REPORTAGE. Droits de douane américains : "En ce moment, je passe mal pas de temps à conseiller des sociétés françaises", témoigne un avocat d'affaires aux Etats-Unis
Donald Trump a promis de répliquer aux mesures de rétorsion prises par l'UE, la Chine et le Canada mercredi 12 mars. Ces pays ont en effet annoncé des dispositifs pour contrer la décision de la Maison Blanche de taxer à 25% l'acier et l'aluminium importés aux Etats-Unis. Donald Trump explique vouloir ainsi protéger les entreprises américaines, mais ce protectionnisme agressif du président américain déstabilise surtout les échanges commerciaux avec son pays.
En attendant, les entreprises françaises ne savent plus à quel saint se vouer pour continuer à travailler sur le marché américain. Franceinfo a rencontré un avocat d'affaires à Atlanta, débordé désormais par ces annonces.
Clauses et amendements aux contrats
Il vit aux Etats-Unis depuis 37 ans et conseille des entreprises françaises sur le marché américain, pourtant Dominique Lemoine ne se souvient pas avoir connu une telle incertitude économique. "En ce moment, je passe pas mal de temps à conseiller des sociétés françaises sur des clauses et des amendements à porter aux contrats, à proposer à leurs contractants, pour qu'ils puissent répercuter le nouveau prix si un droit de douane leur est imposé par rapport au prix contractuel qu'ils avaient déjà accepté".
Car si les taxes à la frontière augmentent, qui doit les payer ? Les pays étrangers, clame Donald Trump, sauf qu'en réalité, c'est bien plus compliqué. Bien souvent, les entreprises importatrices américaines vont répercuter la hausse des taxes sur le prix de vente."Il n'y a pas de question, c'est le consommateur qui va payer, tranche l'avocat.
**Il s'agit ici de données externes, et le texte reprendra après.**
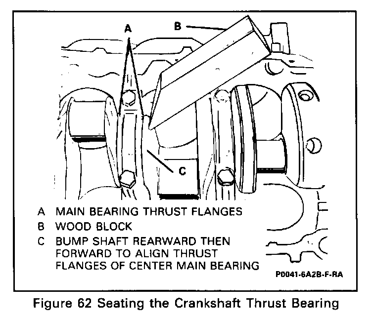 8. With crankshaft bearing and bearing caps installed and cap bolts started, thrust crankshaft rearward to set and align bearing caps, then thrust crankshaft forward to align rear face of thrust main bearing (Figure 62).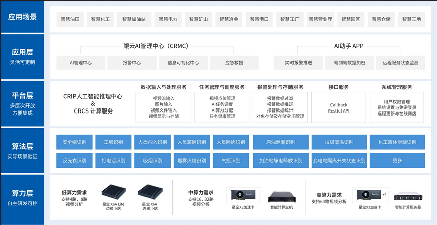 鯤云視頻智能分析系統(tǒng)已經(jīng)廣泛應(yīng)用于各種場(chǎng)合,在化工、加油站、油田、礦山、糧庫(kù)、工地、港口等多個(gè)行業(yè)落地。鯤云致力于為客戶提供AI視頻分析服務(wù),成功幫助1000+企業(yè)智能化升級(jí),實(shí)現(xiàn)更加精準(zhǔn)和高效的管理和預(yù)警,從而保障人員的安全和提高企業(yè)的管理效率。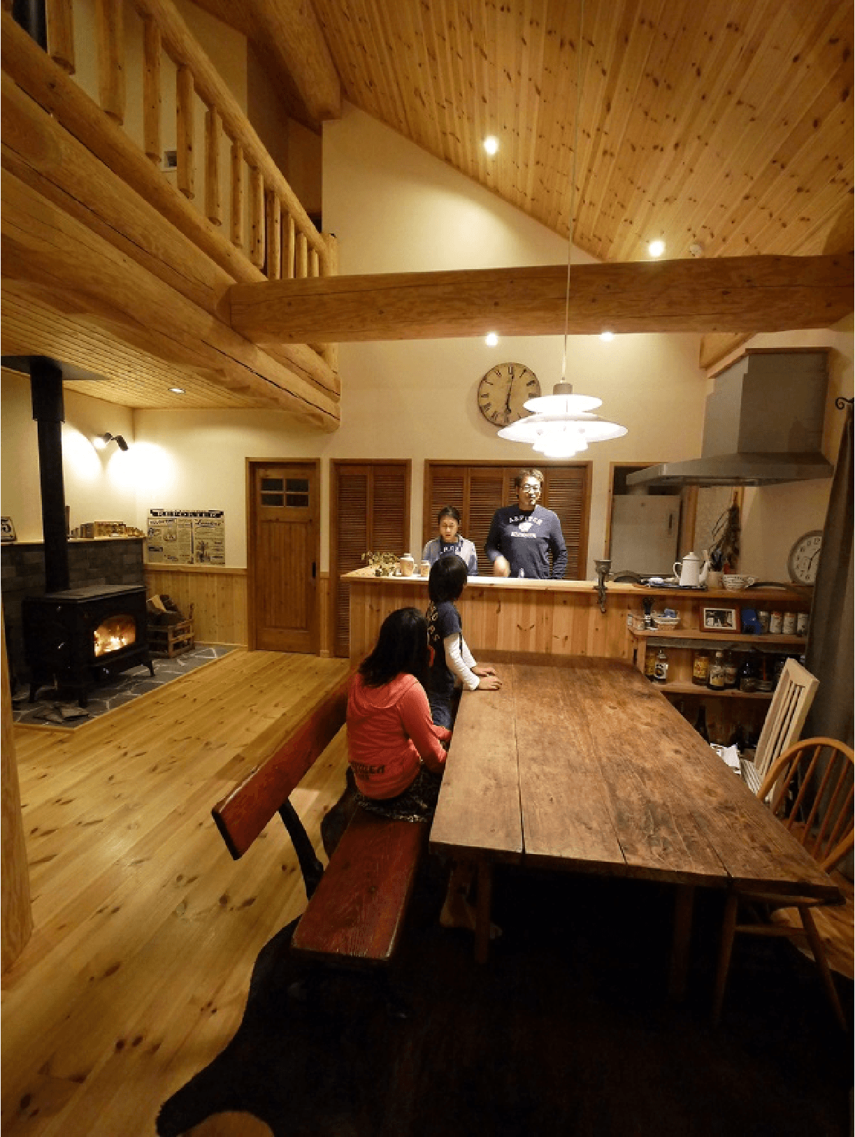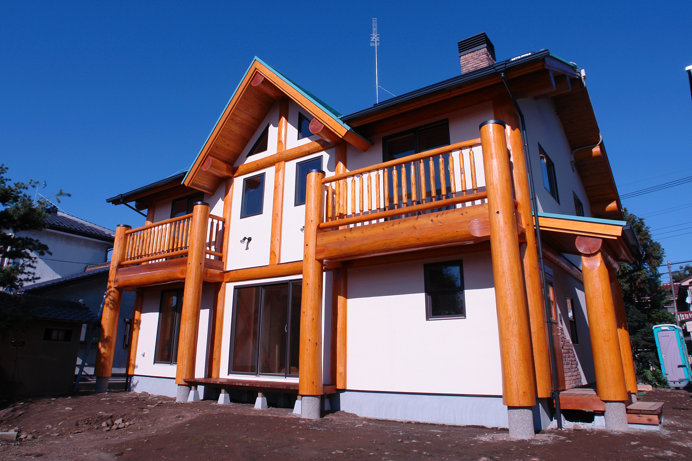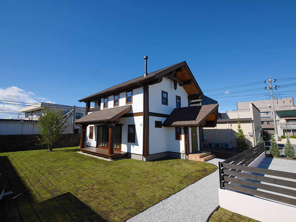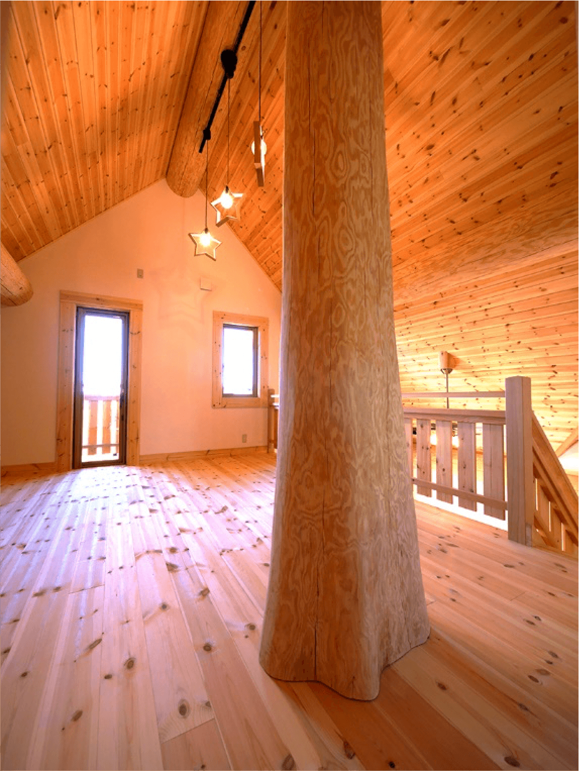 丸太の色をダークにすることで古民家風に。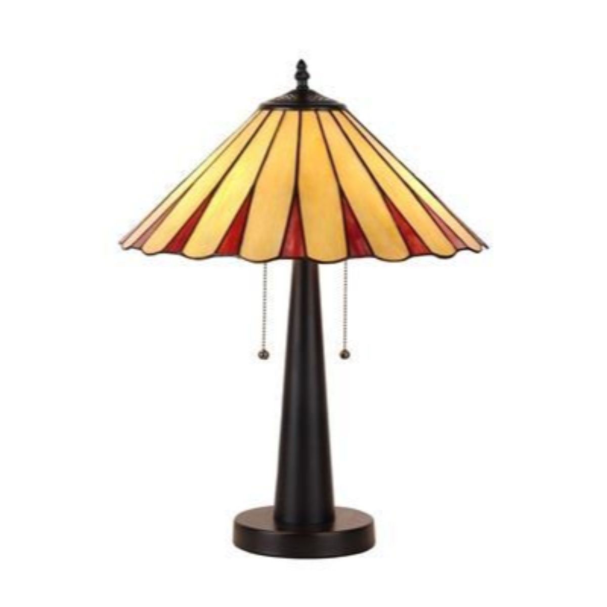 "PALOMA" Tiffany-style 2 Light Table Lamp 16" Shade Shade Width16.10 Shade Height6.50 Overall Height21.70 Base Width6.30 Base Height16.10 Threaded Pipe/Finial Length5.80 Net Weight (lbs)6.20 Light DirectionDownlight Wattage/Bulb Types(2) 100 Watt max E26 Type A Bulb (not included) Power SourceCorded, Electric Electric Wire Length72.00 Switch TypeOn-Cord Foot Stepper Shade ShapeRound Shade MaterialsTiffany-glass Glass Thickness0.12 Est. Glass Cuts32.00 Est. Glass BeadsN/A FinishDark Antique Bronze Overall MaterialsGlass, metal, resin and electrical components Specific UsesIndoor Consumer NoticeProposition 65 CertificationUL Listed UPC Code013964816778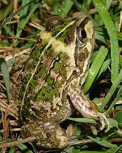 Esta gran rana es rechoncha y con ojos grandes; alcanza una longitud de 4,9 centímetros. Tiene brazos pequeños y rechonchos y piernas largas y poderosas. La superficie dorsal de la rana verrugosa puede ser de un marrón grisáceo a un verde brillante. Hay pequeñas manchas oscuras en la espalda. La piel es áspera, de ahí el nombre de "rana verrugosa".[1] Una banda oscura va desde el hocico, pasa a través del ojo y el tímpano, y llega hasta el hombro. Una línea pálida corre por el centro de la espalda. La superficie ventral es blanca y granular.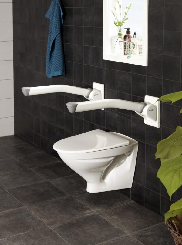 Etac Rex – poręcz ułatwiająca korzystanie z toalety Poręcz Etac Rex to połączenie ergonomii, wzornictwa i funkcjonalności. Uchwyty Etac Rex podnoszą bezpieczeństwo oraz są idelanym dodatkiem dekoracyjnym do każdej łazienki. Funkcjonalnosć: Idealny kształt dopasowany do dłoni i kciuka Antypoślizgowa powierzchnia Wykonana z trwałego i wytrzymałego tworzywa (wypełniona aluminium) Składana – zajmuje niewiele miejsca Maksymalna waga użytkownika 135 kg. Maksymalna waga użytkownika dla poręczy z nóżką 150 kg.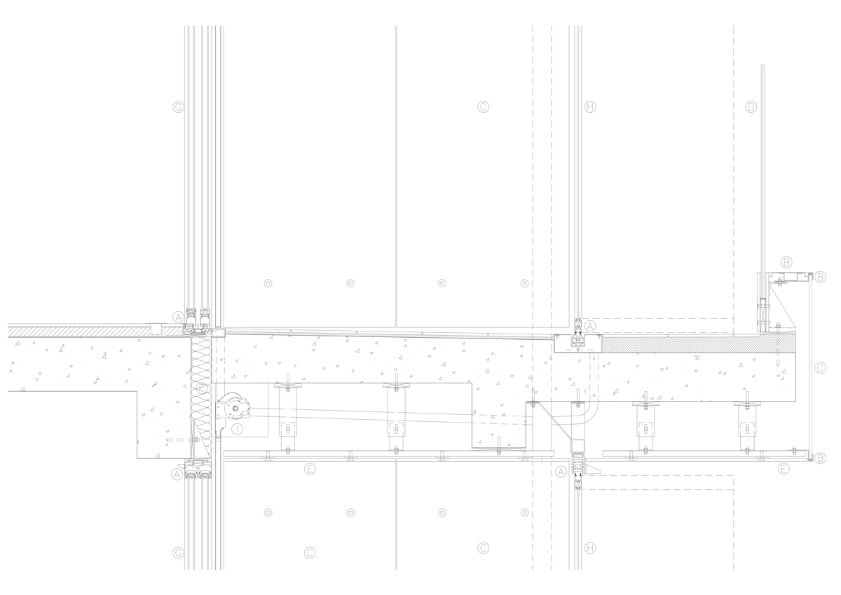 The Seine-facing facades comply with the generic rules regarding urban continuity. Reflecting the scale of the site, they are linear, fully glazed and protected from the sun by the overhanging balconies. The bays form a repetitive pattern echoing the horizontal expansion inherent to the river. A second skin, also glazed, creates an intermediate space, where the freely positioned walls offer scope to modulate the size of the inner space, from season to season. The resulting depth differential of the facade reintroduces the notion of transversality and engages the building in a dialogue with the island.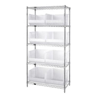 Bin Wire Shelving System, 42L X 18W X 74H, 800 Lbs Capacity Per Shelf, Includes: (5) Shelves And (8) Qus270 Clear Bins, Chrome P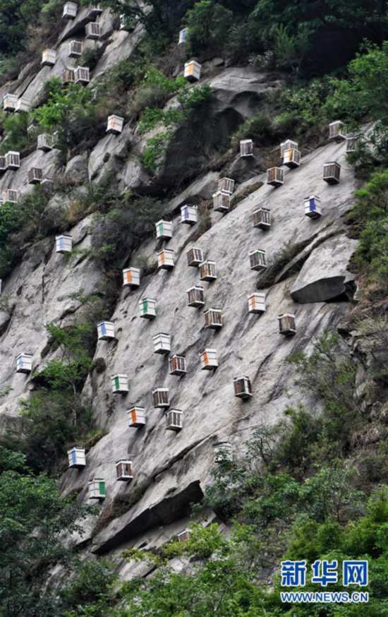 這是5月20日拍攝的北京密云區(qū)馮家峪鎮(zhèn)西口外村山崖上懸掛的蜂箱。新華社記者 李欣 攝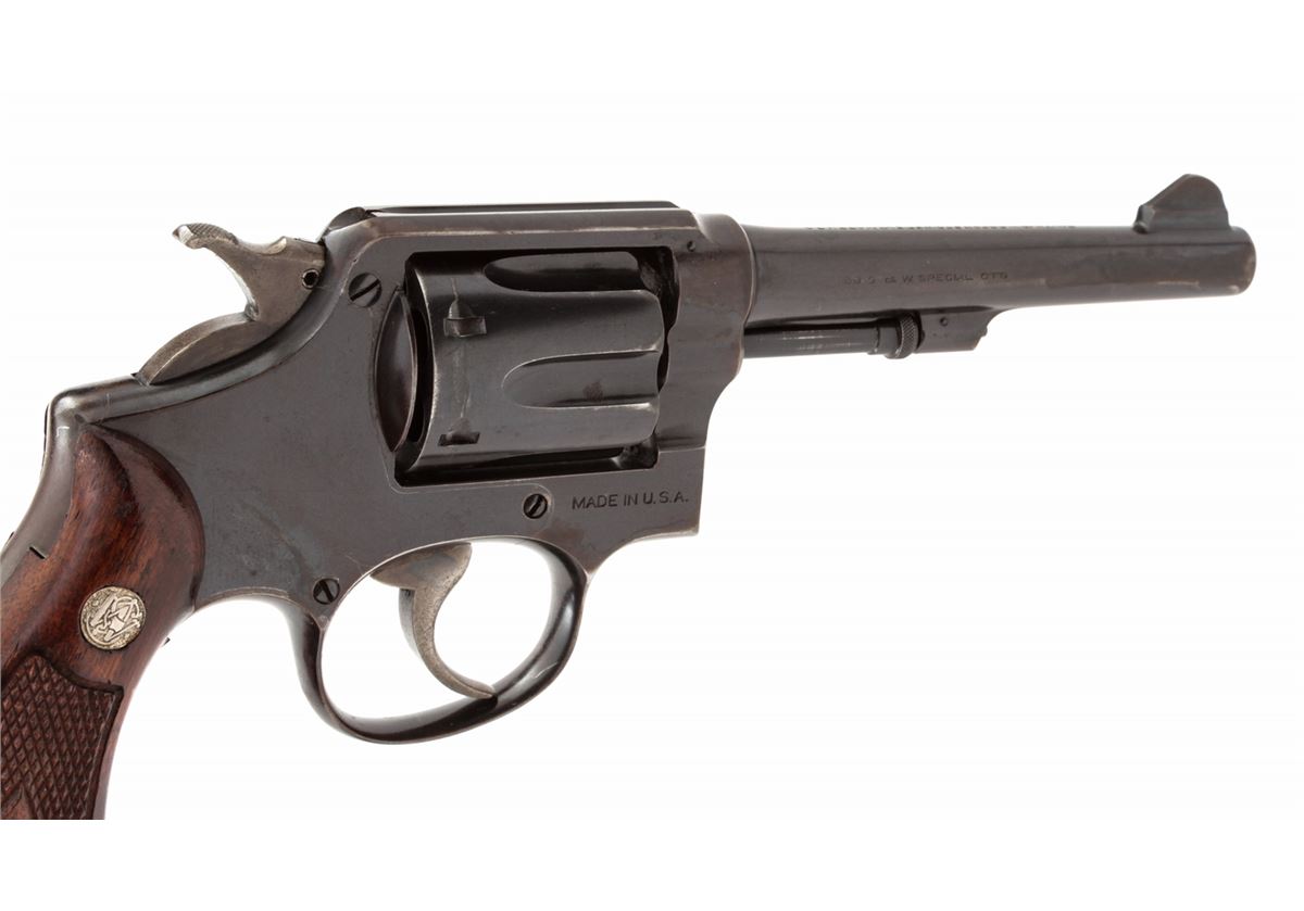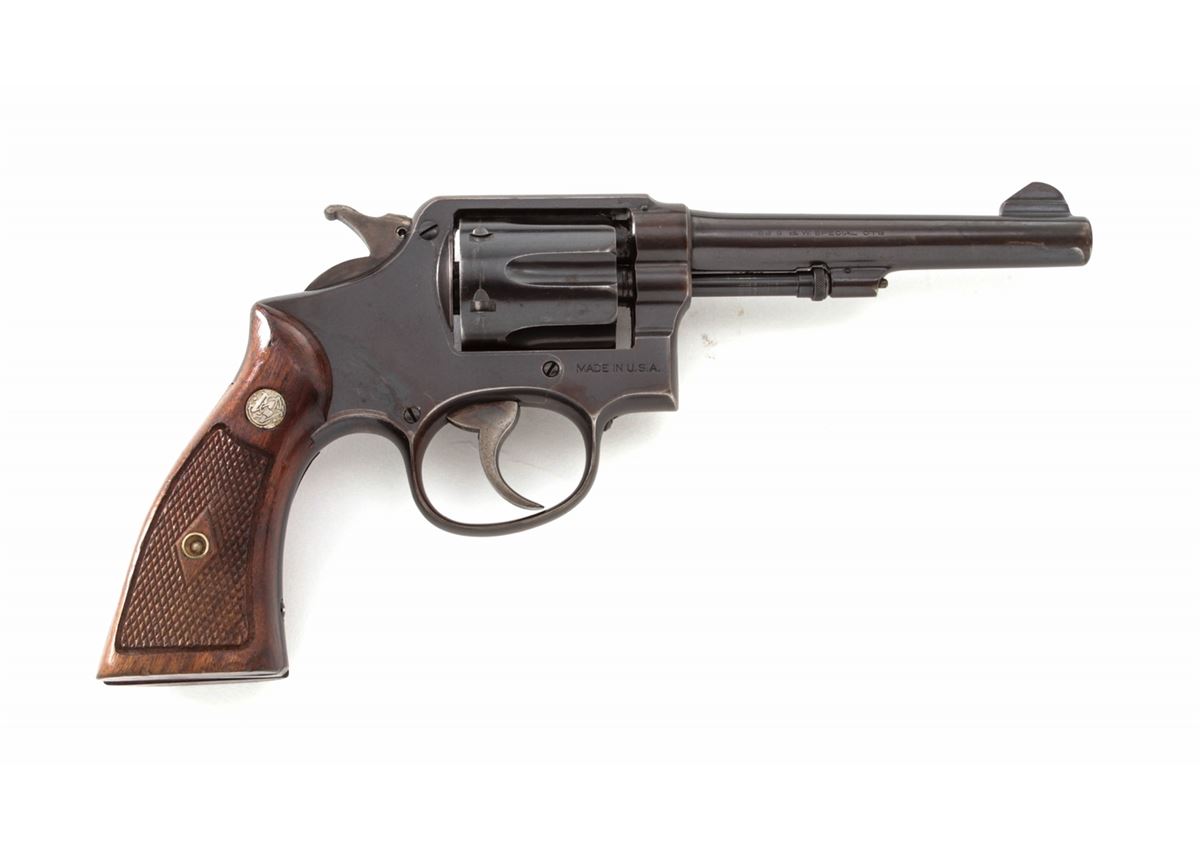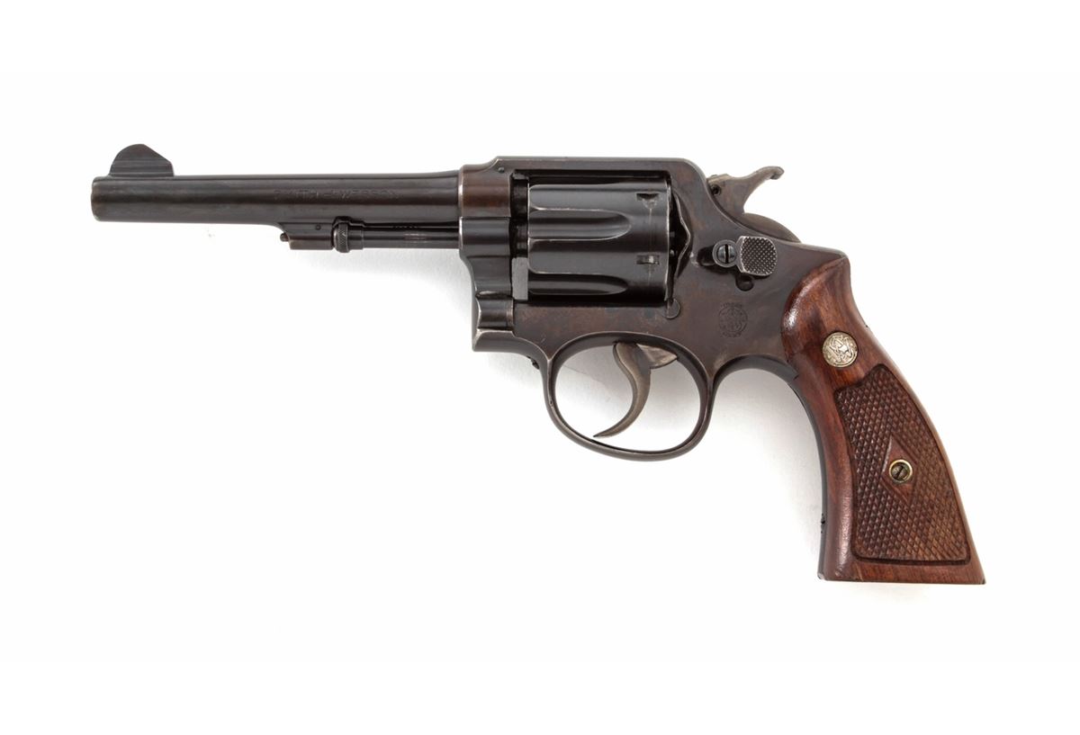 Smith & Wesson M&P Double Action Revolver, #508584, .38 Spec. cal., 5'' barrel, blue finish, factory checkered diamond walnut grips. Condition is very good to near fine retaining approx. 80% thinning and toning finish with most of the losses to left side of frame. Grips remain mostly crisp with one small loss to left panel. Good action, bright bore. Est.: $250-$400. (C&R)

Et puis, parmi les électeurs de Donald Trump, il va y avoir beaucoup de déçus du trumpisme parce qu'ils ont cru, comme on le leur disait, que ce seraient les Chinois qui paieraient, et finalement ils se retrouvent à payer et souvent ce sont des gens assez défavorisés."
Faire le dos rond
Ce qui est sûr, pour cet avocat d'affaires, c'est que si Donald Trump souffle le chaud et le froid et multiplie les annonces toujours plus menaçantes sur les droits de douane, c'est pour négocier quelque chose avec les autres pays. "On a par contre du mal parfois à déterminer ce qu'il essaie de négocier", explique-t-il.
"C'est assez difficile d'analyser ce qui se passe quand la personne que vous essayez d'analyser n'est pas logique. Je ne suis même pas sûr qu'il sache lui-même ce qu'il veut."
Dominique Lemoineà franceinfo
Dominique Lemoine l'affirme, dans ce climat incertain et inamical, des entreprises françaises risquent de renoncer à faire des affaires sur le marché américain, comme des industriels ou des constructeurs automobiles.
Mais il conseille surtout à ses clients de faire le dos rond. "Il est évident que ça va craquer. Il est évident qu'à un moment donné il va y avoir une récession, il va y avoir du chômage et il a une fenêtre assez courte parce que les midterms sont dans 18 mois et en 2026, s'il continue comme ça, les Républicains vont avoir une très mauvaise surprise le jour des élections".
Le plus probable, c'est donc que Donald Trump annonce d'ici peu qu'il n'a plus besoin d'augmenter les droits de douane parce qu'il aura obtenu des concessions des autres pays, soit exactement ce qu'il avait fait lors de son premier mandat.